Most of the SDK example programs use the ``memcpy`` library, which, in conjunction
with the host runtime ``SdkRuntime``, can copy or stream data to and from PEs in your program
rectangle, and launch functions in your program rectangle.

When looking at the simulator logs, you may be surprised to see colors, resources, and PEs that
your program does not explicitly use. These are ``memcpy`` resources. We note here a few things
to look out for:

- Programs using ``memcpy`` are typically compiled with fabric offsets ``4,1``, though additional
  East and West buffers can be introduced to reduce I/O latency.
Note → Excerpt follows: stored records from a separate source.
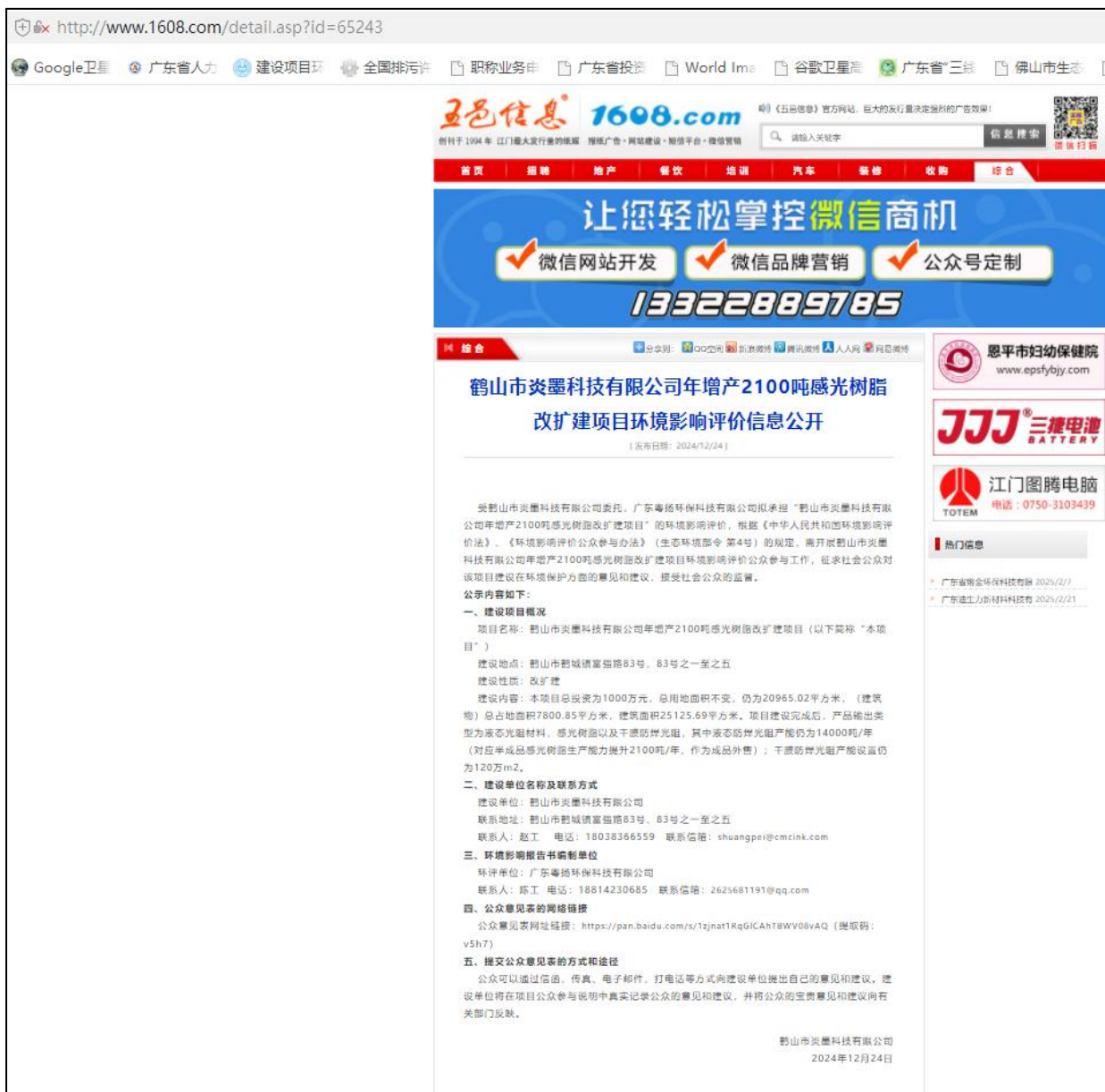
图 2.1-1 第一次网上公示截图
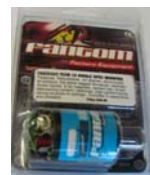
SCHUMACHER Fantom 19X1
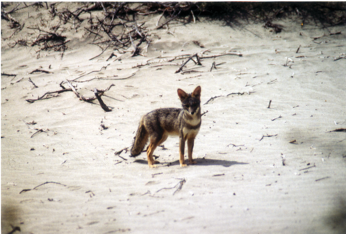
Foto 39: Wüstenfuchs ( Lycalopex sechurae ) in Puerto Pobre, Casma-Tal
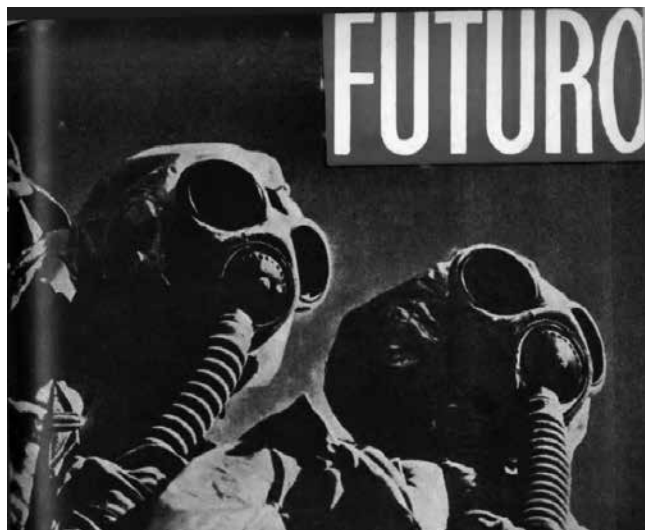
Imagen 4. Portada en Futuro , núm. 42, agosto, 1939.

Medio millón de antifascistas españoles —en números redondos— logró escapar a la barbarie franquista, refugiándose en el Extranjero, ora través de la frontera pirenaica, ora partiendo de los puertos mediterráneos leales, rumbo a Francia o al N. de África. ¿Cuál ha sido la suerte de estos desventurados, cuyo único delito fue defender la independencia de su patria, al tiempo que luchaban por la libertad del mundo? 52
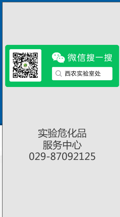
微信公众号及联系方式
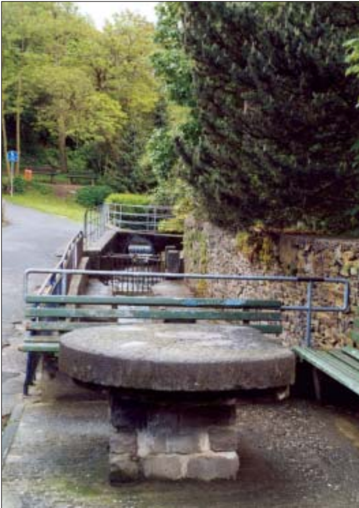
Der Mühlstein dient nun zur Rast: im Hintergrund stand einst die Ölmühle

nennt, erfuhr mehrere Umnutzungen. Zunächst vielleicht als Lohmühle – d.h. zum Zermahlen von Eichenrinde für das Gerben von Leder – errichtet, war sie im 19. Jahrhundert in der topographischen Karte als Schleifmühle eingetragen. Dort trieb das Mühlrad einen Schleifstein zum Schärfen von Klingen u.ä. Metallwerkzeug an. Später wurde der stattliche Bau direkt am Rhein zur Ölmühle umfunktionierte und gegen Ende des 19.
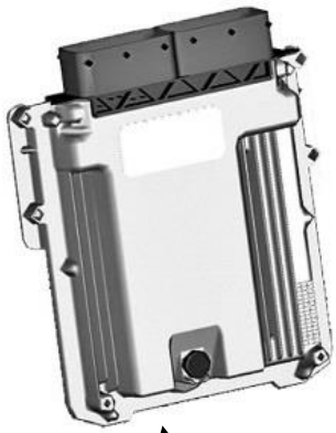
パワートレイン コントロールユニット
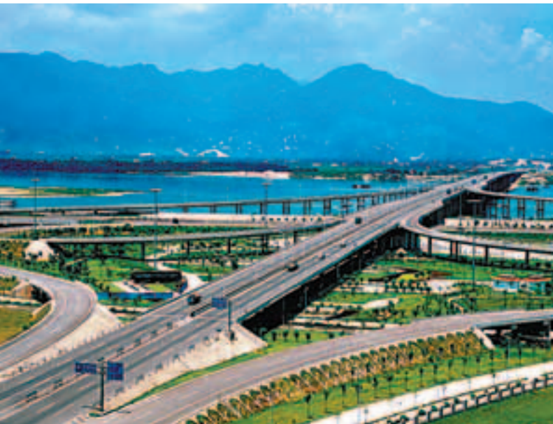
八閩高速，氣勢如虹。

此外，福建還將推動開通「小三通」廈金航線夜航，繼續保持先行先試優勢。據悉，目前廈金航線日運行36個航班，由於日間航班已經不能滿足需要，特別是往返台胞的出行需求，計劃在現行的廈門東渡至金門水頭碼頭航線增開夜間航班。
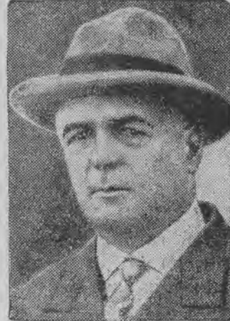
prezydent Urugwaju, na którego dokonano zamachu rewolwerowego

Wyróżnia się wśród Innych twarz Pani o wyglądzie świątym i powabnym, o cerze matowej, delikatnej, wiośnianej... Oto skutki działania odmładzającego wschodniego płynu Mimoza, Perfection.
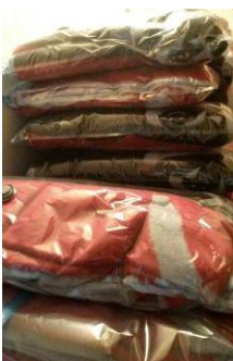
Wassen en opslag van de dekens

Het begint eigenlijk gelijk al na het kamp 2016. De eerste dagen doen we niet zo veel, we moeten even bij komen van het kamp en onze gewone werkzaamheden beginnen ook weer en onze koffers en dozen en tassen moeten uitgepakt worden en we moeten kijken wat we nog wel en wat we niet meer hebben.
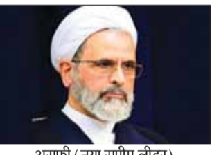
अराफी (नया सुप्रीम लीडर)
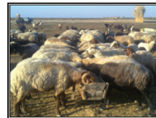
شکل ۴. نمایی از خوردن علوفه دستی (کاه خشک و جو) در آرام (آغل)
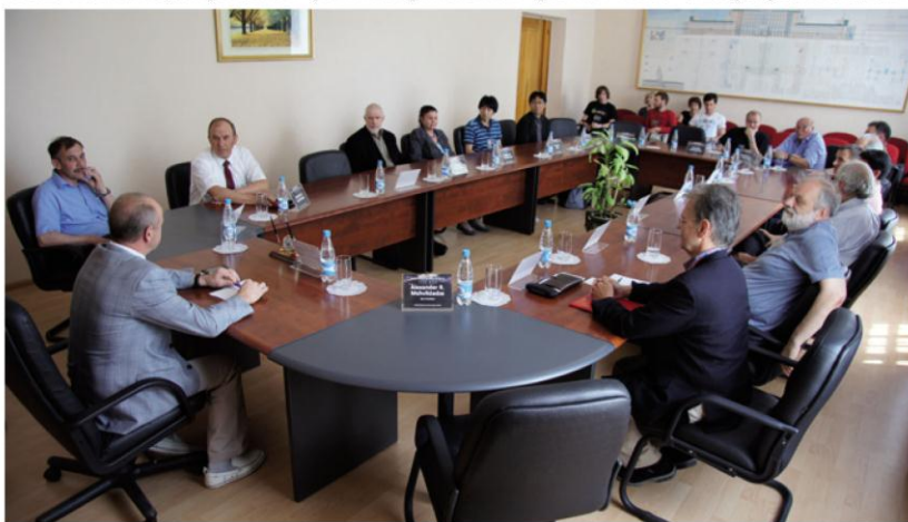
Круглый стол по проблемам ядерной физики

В рамках конференции Джеймс Вэри выступил перед студентами и сотрудниками ТОГУ с популярной лекцией о
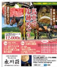
44万部発行のフリーペーパーへ広告を掲載
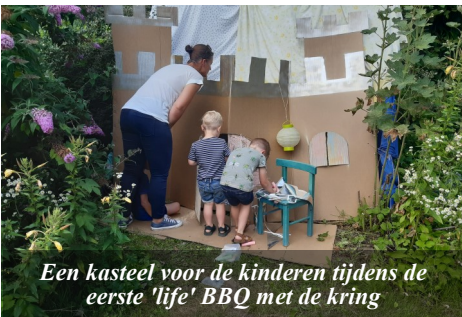
Een kasteel voor de kinderen tijdens de eerste 'life' BBQ met de kring
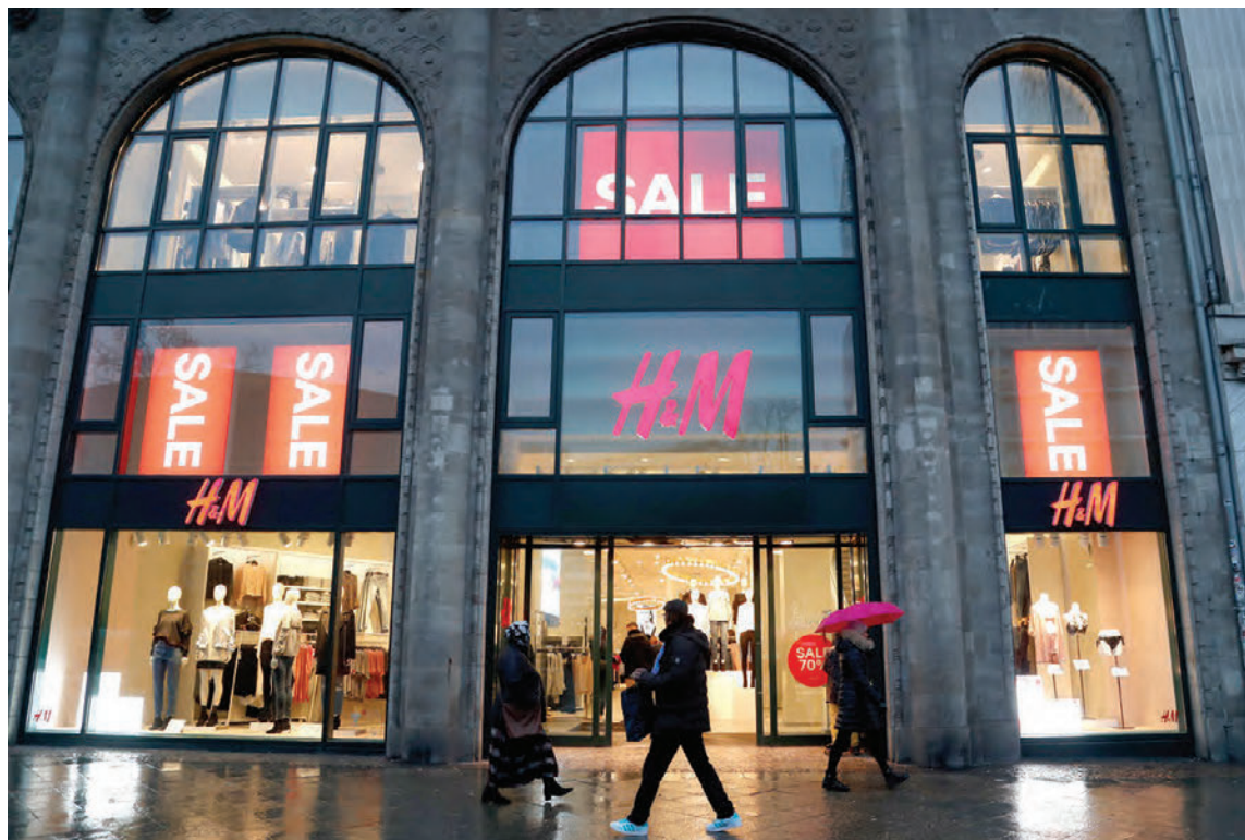
Sænski fatarisinn H&amp;M er í vanda.
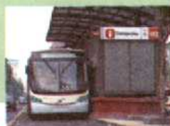
Metrobús Línea 3
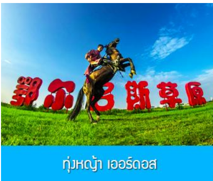
ทุ่งหญ้า เออร์ดอส

พักที่ ORDOS BOYU AIRUI HOTEL โรงแรมระดับ 4 ดาวท้องถิ่น หรือเทียบเท่าในเมืองเออร์ดอส
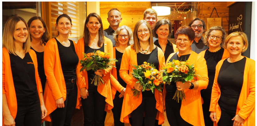
Der neue Vorstand von inwendig woarm
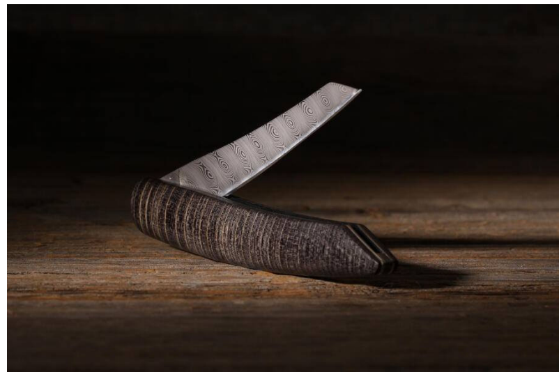
Das Taschenmesser ist auch mit Holzgriff erhältlich.

TECHNOLOGIE UND HANDWERK. Das Ergebnis sind faszinierende Messer, eine Mischung aus zeitgemässer Technologie, modernen Materialien und traditioneller Handwerkskunst. Beim Taschenmesser etwa kommt ein widerstandsloser Schliessmechanismus mit Keramik-Gleitlager zum Einsatz. Und während andere Damastmesser oft anfällig für Rost sind, verwenden die Profis bei Sknife einen hoch-korrosionsbeständigen Damaststahl. Dieser macht das Taschenmesser besonders langlebig und hinterlässt beim Gebrauch von Damast-Messer und -Gabel keinen metallischen Geschmack an den Händen.
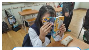
ブルーロック (小説版)
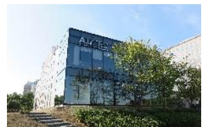
日立造船(株) 先端情報技術センター
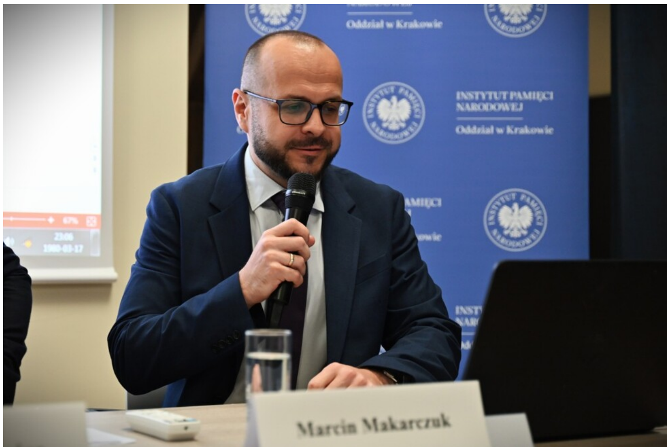
Konferencja naukowa „Poza regulaminem, poza służbą, poza prawem. Codziennosc, praktyki nieformalne i życie pozazawodowe funkcjonariuszy SB w latach 1956-1990”.
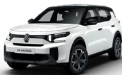
PERLA NERA BLACK z lakierem POLAR WHITE
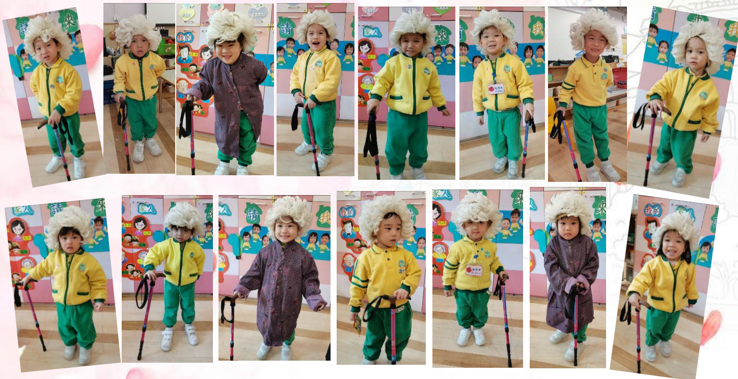
長輩老了，頭髮會變白，有時會腳痛，所以要拄拐杖慢慢走路。
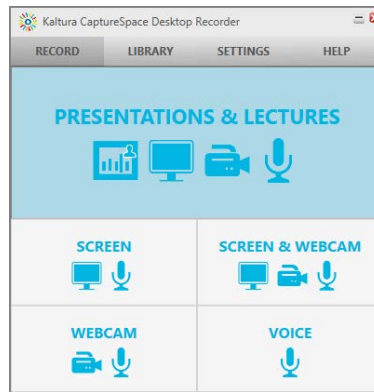
Figura 1 – Aspetto del recorder di Kaltura CaptureSpace
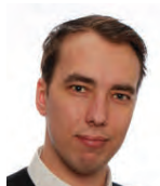
Artjón Ámi Löggiltur fasteignasali Sími 612 1414
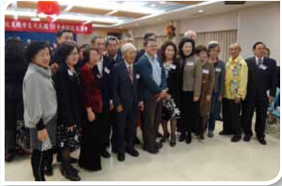
馬來西亞校友會一行23人回臺參加校慶，增添歡樂氣氛。
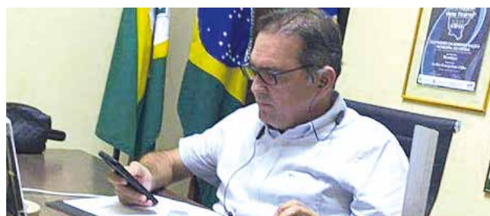
MOMBAÇA PÁGINA 05
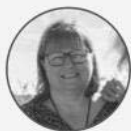
Ariane de Bourbon Parme
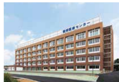
21. 愛媛医療センター

愛媛県松山市南梅本町甲160 https://shikoku-cc.hosp.go.jp/hospital/
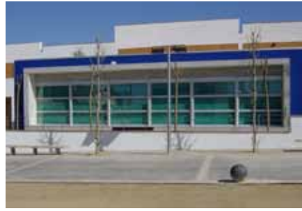
■ Casal de la Gent Gran.

L'any 1990 va nèixer a les Borges l'Associació de Pares i Joves Club Juvenil Rio, l'actual Club juvenil Grums, amb l'objectiu de crear un espai de lleure pels joves des de 6è de primària fins a l'ESO. Per aquest motiu ofereix activitats tots els diumenges i festius a la tarda a la sala de l'entitat, on s'hi pot trobar servei de bar, discoteca, zona de projeccions multimèdia, billar, futbolins i tennis de taula entre altres. L'entitat sociocultural, que compta amb una seixantena de socis joves, també organitza mensualment cursos de ball de saló, tai-xi i aeròbic, a més de sopar i ball pels associats. L'Associació Grums compta també amb el suport de socis col·laboradors i patrocinadors i participa en activitats que transcendeixen de l'àmbit de la pròpia associació com són la participació amb una carrossa als Tres Tombs, els actes pro Marató de TV3 i altres esdeveniments de caire solidari que s'organitzen a la població, a més de la commemoració de les principals festes de tradició catalana. ■
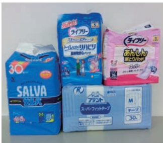
寄付の受け入れも受付しています (新品未開封に限ります)

〔配布人数〕 おむつ5名・パッド5名 〔応募先〕 〒278-0003 野田市鶴奉5-1 野田市社会福祉協議会 〔応募締切〕 3月31日（水）
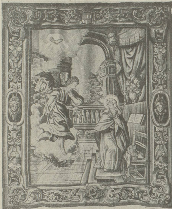
L'annonciation. Tapisserie flamande. Eglise Saint-Just, xvii e siècle

Les particularités techniques n'expliquent pas à elles seules les bonnes ou mauvaises époques d'un
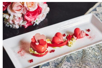
▲スペシャルディッシュ「LOVE LOVE LOVE」(850円にてオプション販売)

Without buffers, the top left-most
  PE of your program rectangle is at ``P4.1``.
- ``memcpy`` uses colors 21, 22, 23, local task IDs 27, 28, 30, and control task IDs 33,
  34, 35, 36, and 37. It also used microthread 0 (``UT0``), input queue 0, and output
  queue 0. On WSE-3, ``memcpy`` additionally uses input queue 1.
- Color 21 is used for device-to-host data transfers, color 23 is used for host-to-device data
  transfers, and color 22 is used for the ``memcpy`` command sequence.
- Functions launched via the ``memcpy`` kernel launch mechanism will execute within task 22
  (``T22``) on WSE-2, since the task which calls these functions is bound to color 22.
  Funcitons will execute within task 1 (``T01``) on WSE-3, since the task is bound to input
  queue 1.